Exercise requirements:
With pictures left out, output exactly the lines of the listing below from the line that has "between the graft's" to the line that has "Inserting/removing fine-stranded conductors", both lines kept.

Information shown:

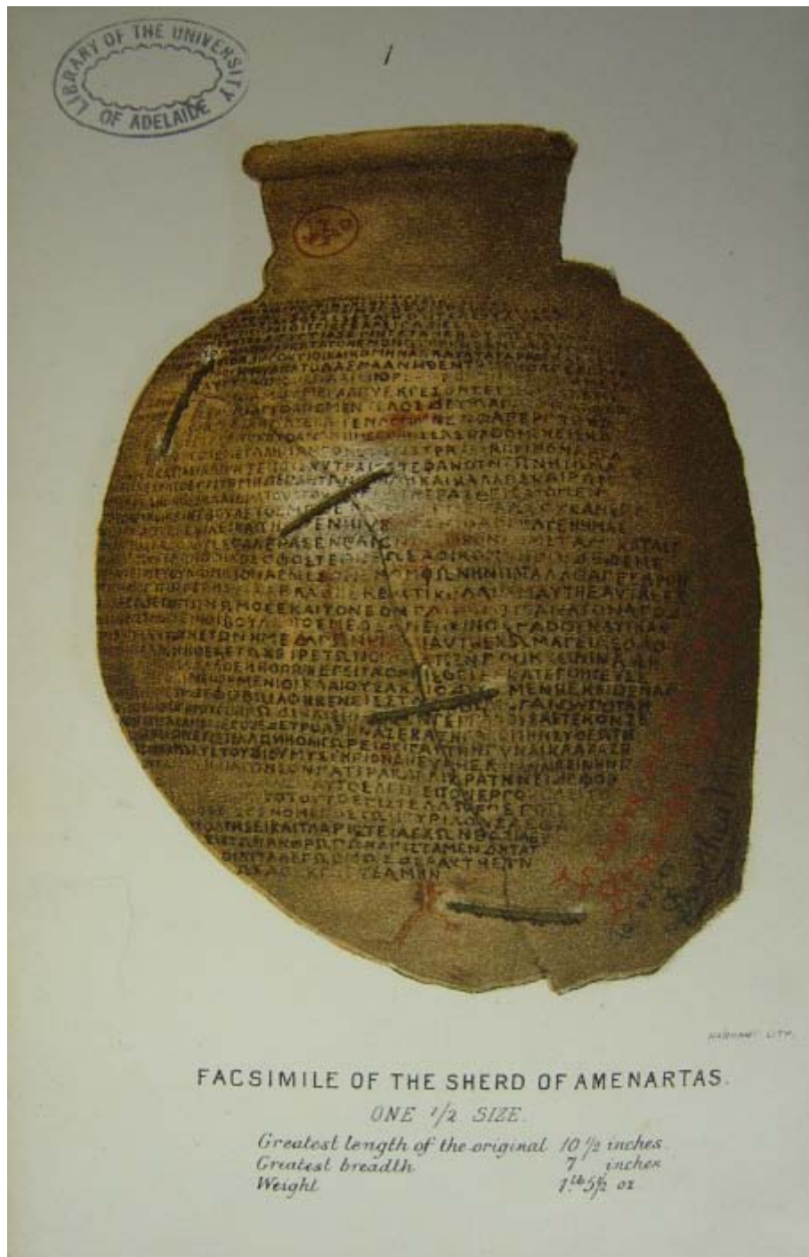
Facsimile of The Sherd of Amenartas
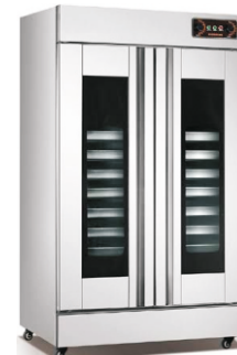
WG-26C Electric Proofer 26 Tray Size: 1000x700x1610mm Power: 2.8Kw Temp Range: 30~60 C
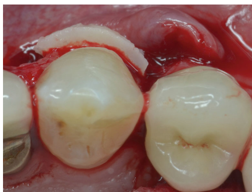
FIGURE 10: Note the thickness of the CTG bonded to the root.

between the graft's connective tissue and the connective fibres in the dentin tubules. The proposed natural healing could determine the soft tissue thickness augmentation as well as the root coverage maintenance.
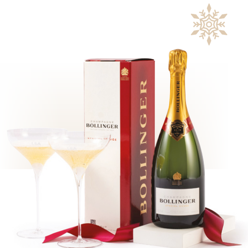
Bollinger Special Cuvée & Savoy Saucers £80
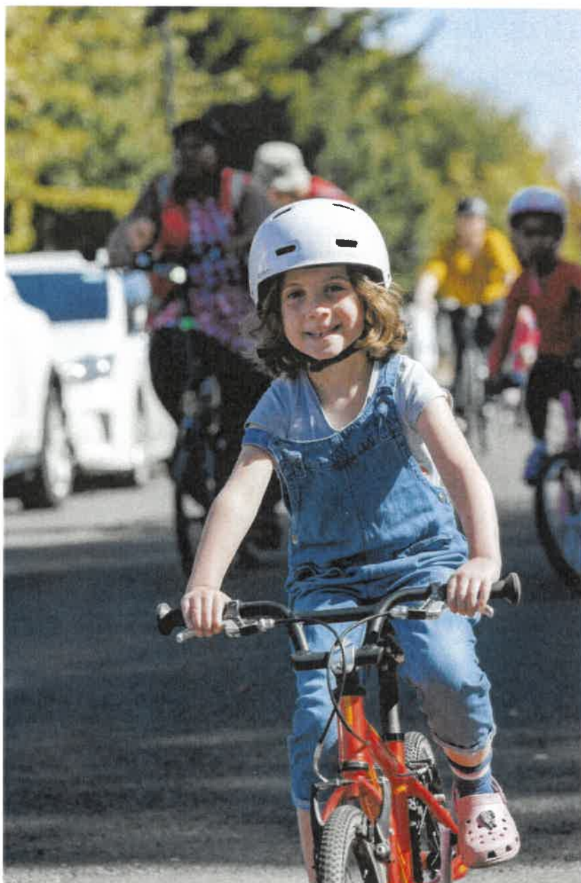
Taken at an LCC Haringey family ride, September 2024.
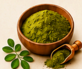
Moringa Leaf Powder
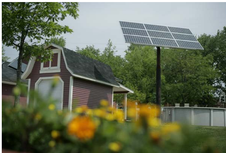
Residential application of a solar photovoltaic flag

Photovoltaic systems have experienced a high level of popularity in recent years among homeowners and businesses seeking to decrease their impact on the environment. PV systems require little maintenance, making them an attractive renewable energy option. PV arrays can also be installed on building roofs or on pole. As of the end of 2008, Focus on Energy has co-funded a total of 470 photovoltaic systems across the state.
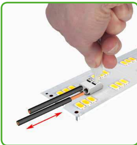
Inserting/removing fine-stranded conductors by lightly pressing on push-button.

--

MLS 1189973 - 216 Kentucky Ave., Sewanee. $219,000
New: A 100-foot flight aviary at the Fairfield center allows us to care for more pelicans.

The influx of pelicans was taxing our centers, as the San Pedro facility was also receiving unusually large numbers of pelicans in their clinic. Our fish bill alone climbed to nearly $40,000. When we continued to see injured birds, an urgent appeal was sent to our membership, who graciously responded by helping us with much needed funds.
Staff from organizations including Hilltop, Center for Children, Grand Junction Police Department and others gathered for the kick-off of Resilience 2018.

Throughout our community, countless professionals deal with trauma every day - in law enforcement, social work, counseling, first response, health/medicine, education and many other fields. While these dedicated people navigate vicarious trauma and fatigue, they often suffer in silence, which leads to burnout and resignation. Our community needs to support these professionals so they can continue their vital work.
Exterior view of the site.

Exercise answer:
between the graft's connective tissue and the connective fibres in the dentin tubules. The proposed natural healing could determine the soft tissue thickness augmentation as well as the root coverage maintenance.
Bollinger Special Cuvée & Savoy Saucers £80
Taken at an LCC Haringey family ride, September 2024.
Moringa Leaf Powder
Residential application of a solar photovoltaic flag

Photovoltaic systems have experienced a high level of popularity in recent years among homeowners and businesses seeking to decrease their impact on the environment. PV systems require little maintenance, making them an attractive renewable energy option. PV arrays can also be installed on building roofs or on pole. As of the end of 2008, Focus on Energy has co-funded a total of 470 photovoltaic systems across the state.
Inserting/removing fine-stranded conductors by lightly pressing on push-button.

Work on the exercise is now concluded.